**Problem to solve**
Print all of the entries exactly, minus the pictures.

**Exercise input**
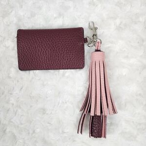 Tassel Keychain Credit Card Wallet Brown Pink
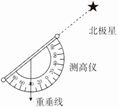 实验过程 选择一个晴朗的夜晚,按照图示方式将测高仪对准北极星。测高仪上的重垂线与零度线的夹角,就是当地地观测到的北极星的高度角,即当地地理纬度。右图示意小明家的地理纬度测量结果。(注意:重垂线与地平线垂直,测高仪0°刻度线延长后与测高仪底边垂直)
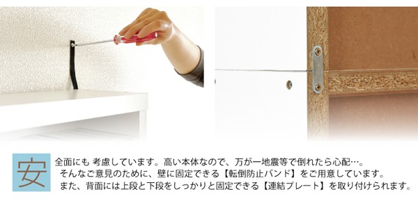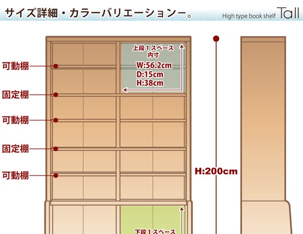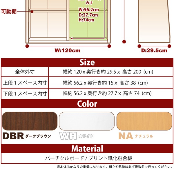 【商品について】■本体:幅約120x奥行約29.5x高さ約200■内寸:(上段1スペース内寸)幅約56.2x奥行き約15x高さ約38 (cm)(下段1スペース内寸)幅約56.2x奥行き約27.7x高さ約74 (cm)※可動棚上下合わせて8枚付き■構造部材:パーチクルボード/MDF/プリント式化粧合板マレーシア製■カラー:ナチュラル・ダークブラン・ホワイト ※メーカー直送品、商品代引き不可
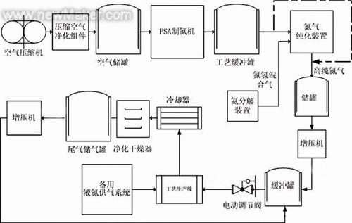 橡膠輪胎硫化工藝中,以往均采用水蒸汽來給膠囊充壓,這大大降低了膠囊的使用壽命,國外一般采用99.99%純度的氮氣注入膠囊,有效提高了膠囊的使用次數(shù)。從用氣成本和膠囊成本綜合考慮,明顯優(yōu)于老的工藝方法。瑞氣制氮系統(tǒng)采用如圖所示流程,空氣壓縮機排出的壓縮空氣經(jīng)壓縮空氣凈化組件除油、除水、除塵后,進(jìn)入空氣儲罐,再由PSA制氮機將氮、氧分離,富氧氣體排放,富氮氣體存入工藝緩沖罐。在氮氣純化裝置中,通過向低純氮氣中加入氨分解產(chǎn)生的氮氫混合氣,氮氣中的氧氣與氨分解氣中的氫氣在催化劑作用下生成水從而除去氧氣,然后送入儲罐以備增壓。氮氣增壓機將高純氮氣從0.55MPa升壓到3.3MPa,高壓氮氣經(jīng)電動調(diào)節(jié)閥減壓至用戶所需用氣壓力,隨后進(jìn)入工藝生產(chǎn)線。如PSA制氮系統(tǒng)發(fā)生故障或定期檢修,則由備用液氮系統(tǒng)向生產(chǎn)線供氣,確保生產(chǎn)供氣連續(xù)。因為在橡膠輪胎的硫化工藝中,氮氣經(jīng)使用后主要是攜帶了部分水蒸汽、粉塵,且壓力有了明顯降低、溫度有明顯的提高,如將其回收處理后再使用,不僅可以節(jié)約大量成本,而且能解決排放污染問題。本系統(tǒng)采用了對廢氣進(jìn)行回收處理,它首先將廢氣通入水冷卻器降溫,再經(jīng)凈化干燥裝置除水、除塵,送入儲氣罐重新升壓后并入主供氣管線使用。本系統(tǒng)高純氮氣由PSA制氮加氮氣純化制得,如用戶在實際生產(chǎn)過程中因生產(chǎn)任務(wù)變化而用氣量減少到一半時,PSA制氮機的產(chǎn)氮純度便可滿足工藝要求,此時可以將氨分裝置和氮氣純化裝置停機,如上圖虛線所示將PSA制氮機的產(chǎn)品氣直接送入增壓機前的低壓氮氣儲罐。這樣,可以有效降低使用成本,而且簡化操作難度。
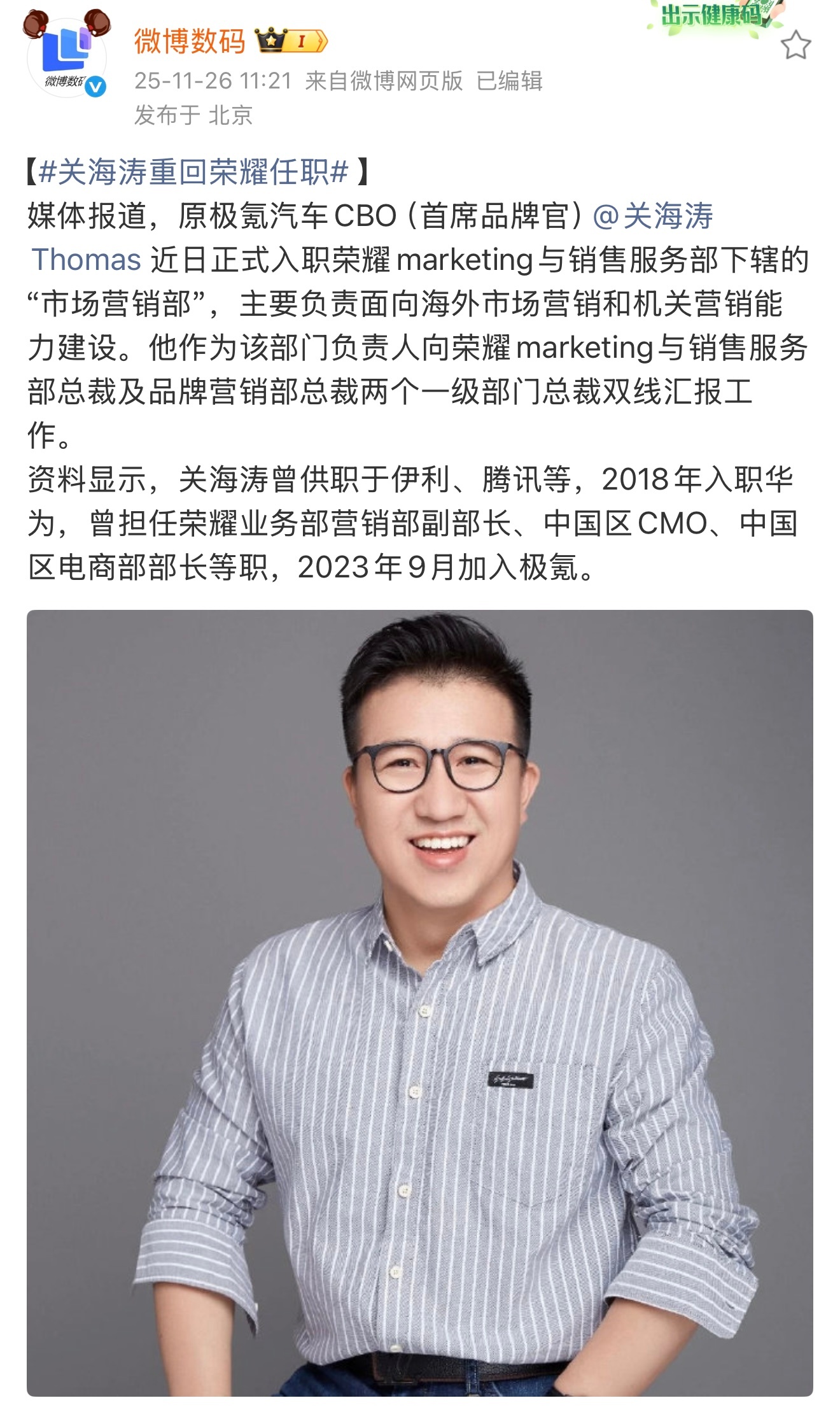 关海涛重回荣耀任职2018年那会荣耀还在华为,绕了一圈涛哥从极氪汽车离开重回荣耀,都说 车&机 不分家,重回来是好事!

**Exercise answer**
 Tassel Keychain Credit Card Wallet Brown Pink
 实验过程 选择一个晴朗的夜晚,按照图示方式将测高仪对准北极星。测高仪上的重垂线与零度线的夹角,就是当地地观测到的北极星的高度角,即当地地理纬度。右图示意小明家的地理纬度测量结果。(注意:重垂线与地平线垂直,测高仪0°刻度线延长后与测高仪底边垂直)
 【商品について】■本体:幅約120x奥行約29.5x高さ約200■内寸:(上段1スペース内寸)幅約56.2x奥行き約15x高さ約38 (cm)(下段1スペース内寸)幅約56.2x奥行き約27.7x高さ約74 (cm)※可動棚上下合わせて8枚付き■構造部材:パーチクルボード/MDF/プリント式化粧合板マレーシア製■カラー:ナチュラル・ダークブラン・ホワイト ※メーカー直送品、商品代引き不可
 橡膠輪胎硫化工藝中,以往均采用水蒸汽來給膠囊充壓,這大大降低了膠囊的使用壽命,國外一般采用99.99%純度的氮氣注入膠囊,有效提高了膠囊的使用次數(shù)。從用氣成本和膠囊成本綜合考慮,明顯優(yōu)于老的工藝方法。瑞氣制氮系統(tǒng)采用如圖所示流程,空氣壓縮機排出的壓縮空氣經(jīng)壓縮空氣凈化組件除油、除水、除塵后,進(jìn)入空氣儲罐,再由PSA制氮機將氮、氧分離,富氧氣體排放,富氮氣體存入工藝緩沖罐。在氮氣純化裝置中,通過向低純氮氣中加入氨分解產(chǎn)生的氮氫混合氣,氮氣中的氧氣與氨分解氣中的氫氣在催化劑作用下生成水從而除去氧氣,然后送入儲罐以備增壓。氮氣增壓機將高純氮氣從0.55MPa升壓到3.3MPa,高壓氮氣經(jīng)電動調(diào)節(jié)閥減壓至用戶所需用氣壓力,隨后進(jìn)入工藝生產(chǎn)線。如PSA制氮系統(tǒng)發(fā)生故障或定期檢修,則由備用液氮系統(tǒng)向生產(chǎn)線供氣,確保生產(chǎn)供氣連續(xù)。因為在橡膠輪胎的硫化工藝中,氮氣經(jīng)使用后主要是攜帶了部分水蒸汽、粉塵,且壓力有了明顯降低、溫度有明顯的提高,如將其回收處理后再使用,不僅可以節(jié)約大量成本,而且能解決排放污染問題。本系統(tǒng)采用了對廢氣進(jìn)行回收處理,它首先將廢氣通入水冷卻器降溫,再經(jīng)凈化干燥裝置除水、除塵,送入儲氣罐重新升壓后并入主供氣管線使用。本系統(tǒng)高純氮氣由PSA制氮加氮氣純化制得,如用戶在實際生產(chǎn)過程中因生產(chǎn)任務(wù)變化而用氣量減少到一半時,PSA制氮機的產(chǎn)氮純度便可滿足工藝要求,此時可以將氨分裝置和氮氣純化裝置停機,如上圖虛線所示將PSA制氮機的產(chǎn)品氣直接送入增壓機前的低壓氮氣儲罐。這樣,可以有效降低使用成本,而且簡化操作難度。
 关海涛重回荣耀任职2018年那会荣耀还在华为,绕了一圈涛哥从极氪汽车离开重回荣耀,都说 车&机 不分家,重回来是好事!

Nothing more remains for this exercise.